The Federation of Indian Chambers of Commerce & Industry, a top business lobby, says it supports raising the limit to more than 50 percent only on a case-by-case basis for equipment such as aircraft engines and advanced missile guidance systems. The limit is now capped at 26 percent for most investments, with anything more than that requiring special approval.

Foreign companies with advanced technology will require management control before investing in India, according to Rahul Bedi, an analyst at IHS Jane’s in New Delhi.

“Nobody in their right mind is going to transfer technology to the Indians with the Indians in charge,” Bedi said. “It doesn’t make any commercial sense for anybody.”

U.S. Interest

Raising the investment cap would make it more attractive for companies such as Boeing Co. (BA), BAE Systems Plc and Lockheed Martin Corp. (LMT) to tie up with domestic firms to make weapons. In the last 13 years India’s defense industry has drawn about $5 million in foreign investment, less than the amount for glue and gelatin production, government data shows.

“Companies like Lockheed have targeted India as one of the most important and appealing weapons buyers over the next two decades,” said Loren Thompson, an analyst with the Lexington Institute, an Arlington, Virginia-based research organization, and a consultant to defense companies including Bethesda, Maryland-based Lockheed Martin.

“What the U.S. companies see is a rapidly expanding economy in which the military standards are high enough to justify the purchase of world-class weapons,” he said.

India surpassed China in 2010 to become the world’s largest arms importer, and now buys three times as many weapons as its northern neighbor, according to SIPRI. While India depends on imports for 70 percent of its weapons, many planned purchases have stalled.

Jets Delayed

Two years after Paris-based Dassault Aviation SA (AM) won an $11 billion order for 126 Rafale fighter jets, the world’s biggest contract for warplanes in about two decades, a shortage of funds is holding up the deal.

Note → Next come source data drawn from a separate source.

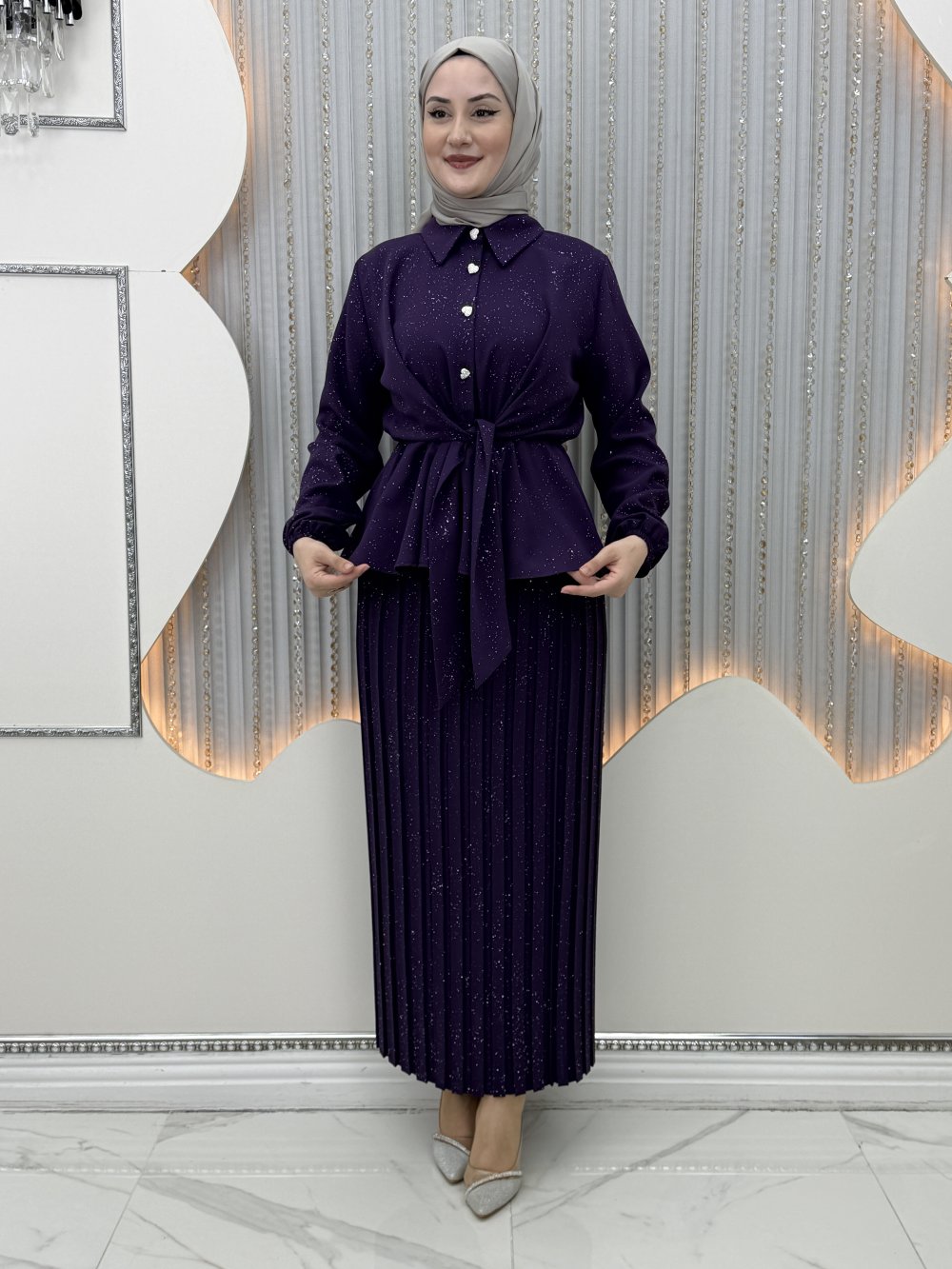Pırıltı Etekli Takım Mor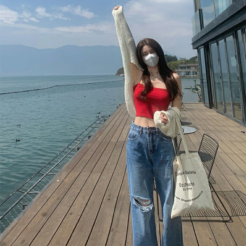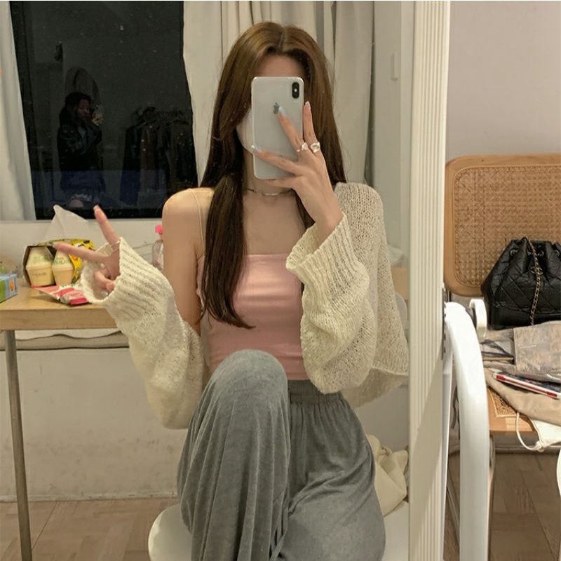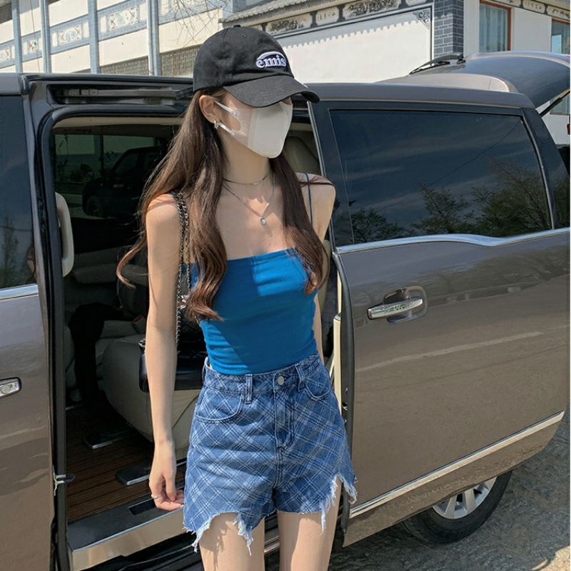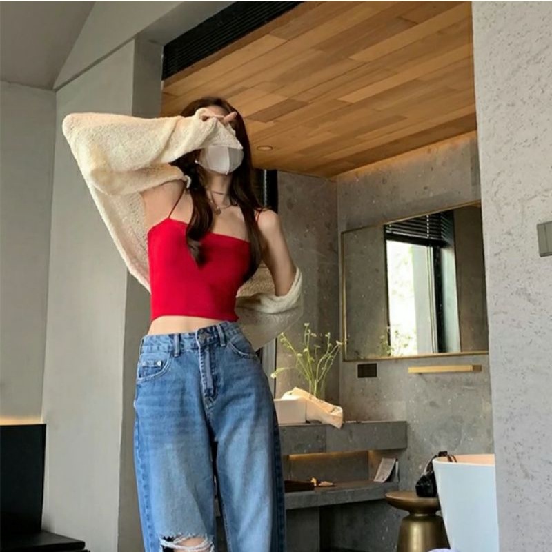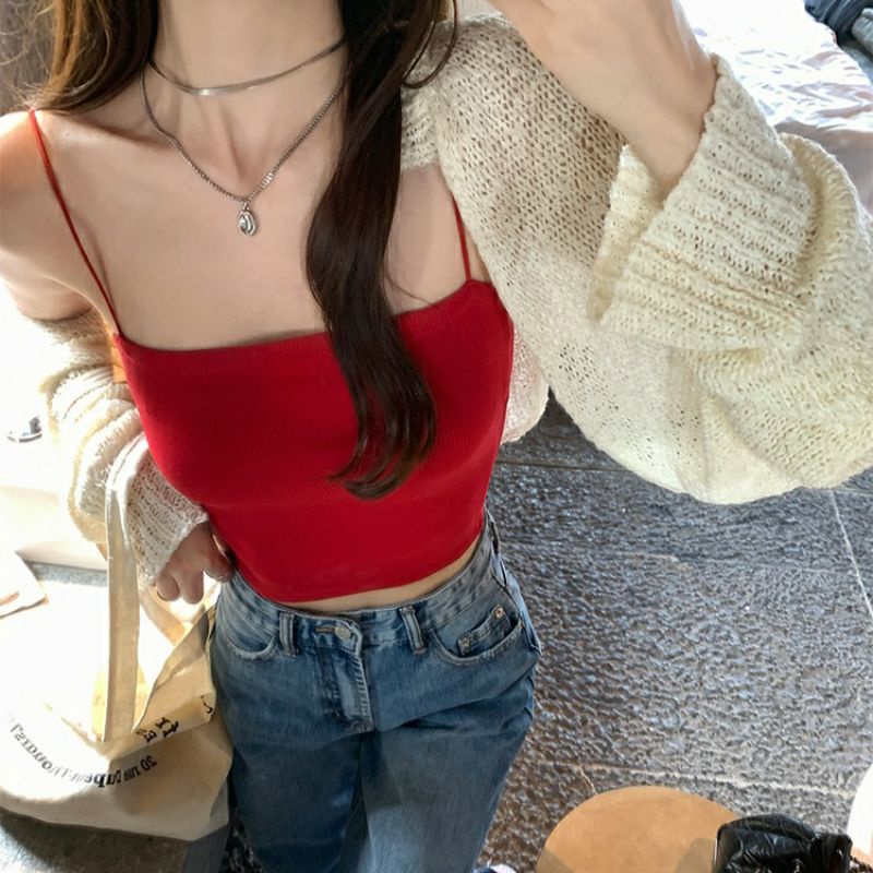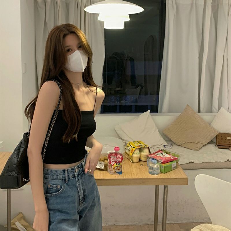 JJ Shop💜พร้อมส่ง เสื้อสายเดี่ยวไหมพรม ผ้าน่องใส่สบายน่ารักสไตล์เกาหลี "W8823"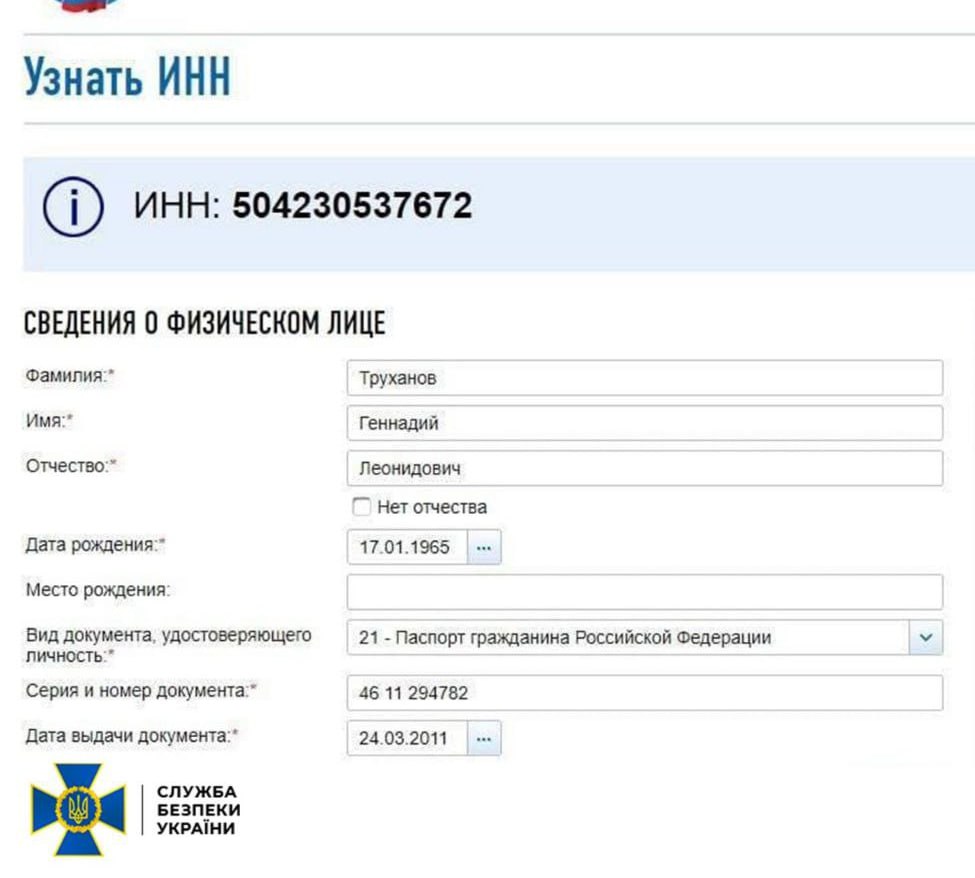 Судя по опубликованным скриншотам, СБУ через своих людей просто проверила действительность паспорта Труханова запросом в МВД по Крыму, а затем использовало его паспортные данные для проверки ИНН на сайте ФНС России.
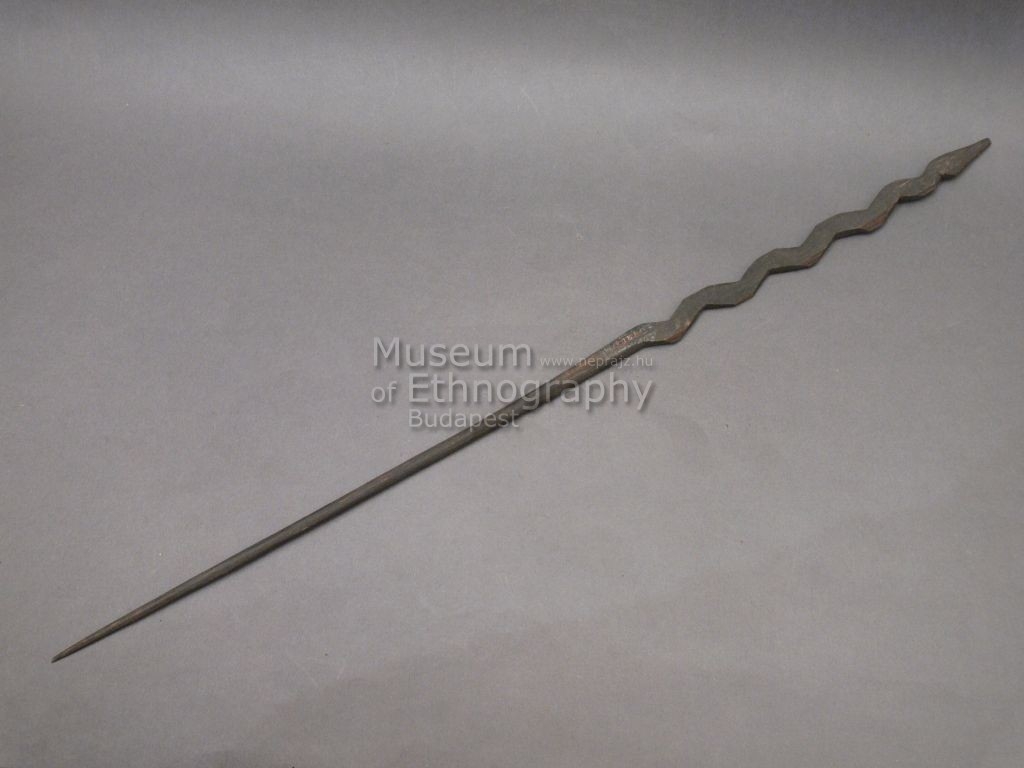 Hosszúkás, feketés színű fából faragott, hegyes pálcika, felső részén a fogó kígyót alakban hullámzik, feje is ki van faragva. Bíró-jegyzet: 556.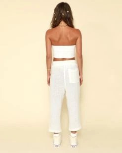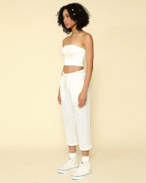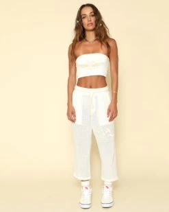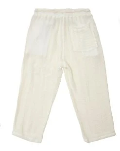 Mid-rise woven slubby cotton pant. Sheer fabric, drawstring waist, side pockets, dropped crotch, and cropped hem. Made in Los Angeles, California.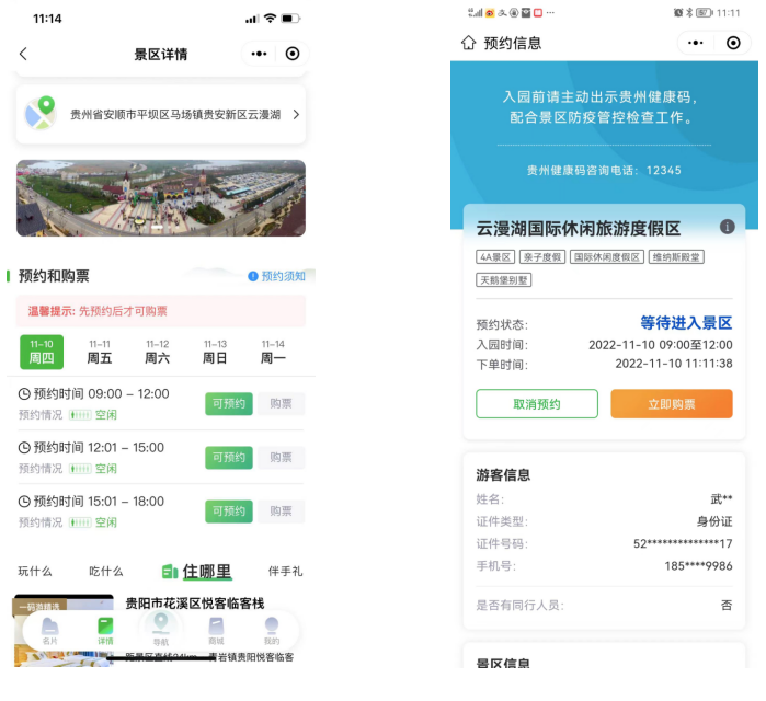 “一码游贵州”平台响应疫情防控要求,贯彻落实“限量、预约、错峰”,在上线初期就统一全省景区预约通道,并率先在平台上打造“预约黔行”分时预约系统作为省级官方景区预约渠道。平台上线两年多的时间,针对老年人的需求不断优化功能,例如手机操作不便等问题专项设计“代预约”功能,家人、朋友可帮助代为预约。对于老年人而言,可直接使用电子预约凭证快捷进入景区,入园时只需扫描一个二维码即可快速入园,流程简单易操作。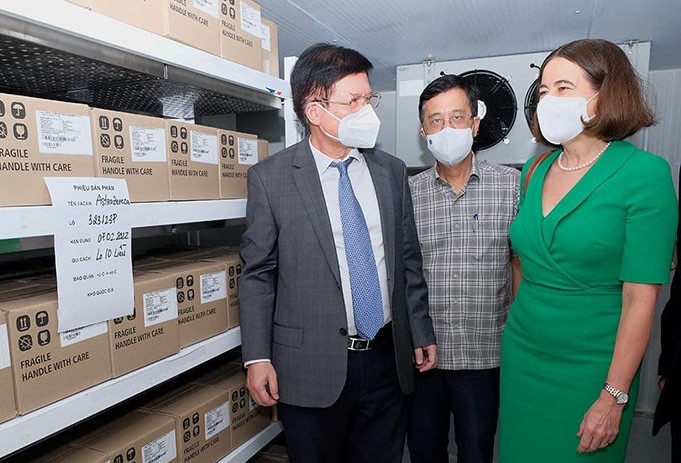 Đại sứ Australia Robyn Mudie cùng Thứ trưởng Bộ Y tế Trương Quốc Cường thăm kho lưu trữ vaccine tại Viện Vệ sinh Dịch tễ Trung ương.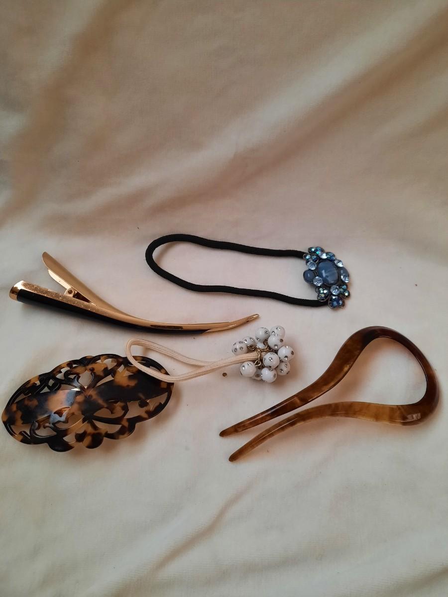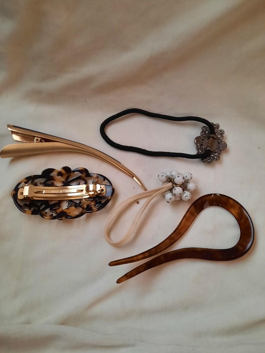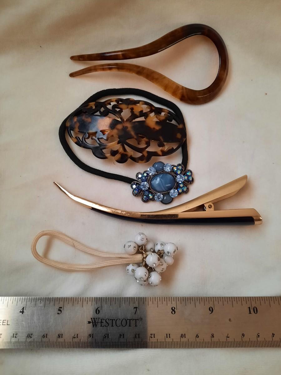 The blue one with rhinstones is metal. The black and gold clip is metal. The white beads are plastic and some rhinestones are missing. The tortoise shell is hard plastic and was made in France. The vintage piece may be bakelite.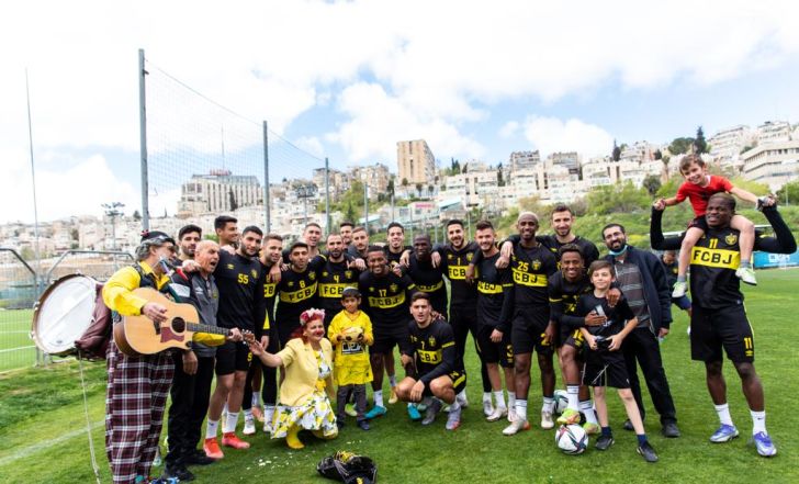 שחקני בית"ר ירושלים משמחים ילד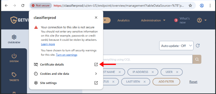 - Check for a warning: If a warning is displayed, proceed to the next steps. If no warning is shown, the machine already trusts the certificate, and you're good to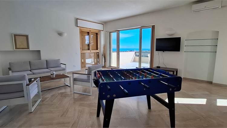 Gli ambienti interni sono ampi, luminosi e curati nei dettagli, con finiture in pietra che richiamano il fascino mediterraneo e grandi zone living pensate per la convivialità. Le cucine attrezzate, le sei camere da letto e la dependance ristrutturata completano una soluzione abitativa funzionale e accogliente.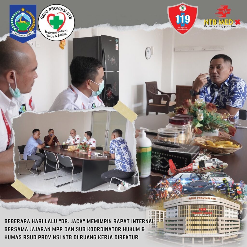 dr. Jack beberapa hari lalu memimpin Rapat Internal bersama jajaran MPP dan Sub Koordinator Hukum dan Humas RSUD Provinsi NTB guna berkoordinasi terkait Layanan Prehospital yang sedang terus dikembangkan untuk mempermudah masyarakat.

“It is fair for complex matters that it takes some time,” French Foreign Minister Laurent Fabius said in New Delhi last week, expressing his frustration over the delays. “There is a difference between some time and too long.”

As talks over the aircraft drag on, U.K. Foreign Secretary William Hague said he lobbied Indian ministers yesterday to revive their interest in the Eurofighter Typhoon warplane, which is partly built by U.K.-based BAE Systems.

Corruption Concerns

India lost half its fleet of 872 Soviet MiG fighter planes purchased between 1966 and 1980 due to crashes, former defense minister A.K. Antony told parliament in 2012. More than 200 people died in the accidents, which were caused by human error and technical defects, he said.

In 1986, when India last purchased artillery, Sweden’s Bofors AB was accused by Indian police of paying $14.3 million in bribes to obtain the $1.3 billion contract. No one has ever been convicted in the scandal. Three tenders for artillery since then have been scrapped because of corruption concerns.

“The lack of new artillery undermines our defense preparedness very seriously,” said Dipankar Banerjee, founding director of the Institute of Peace and Conflict Studies in New Delhi, who commanded troops on the border with Pakistan. “Modi has his heart in the right place with the military, but that doesn’t mean he will be able to execute that plan.”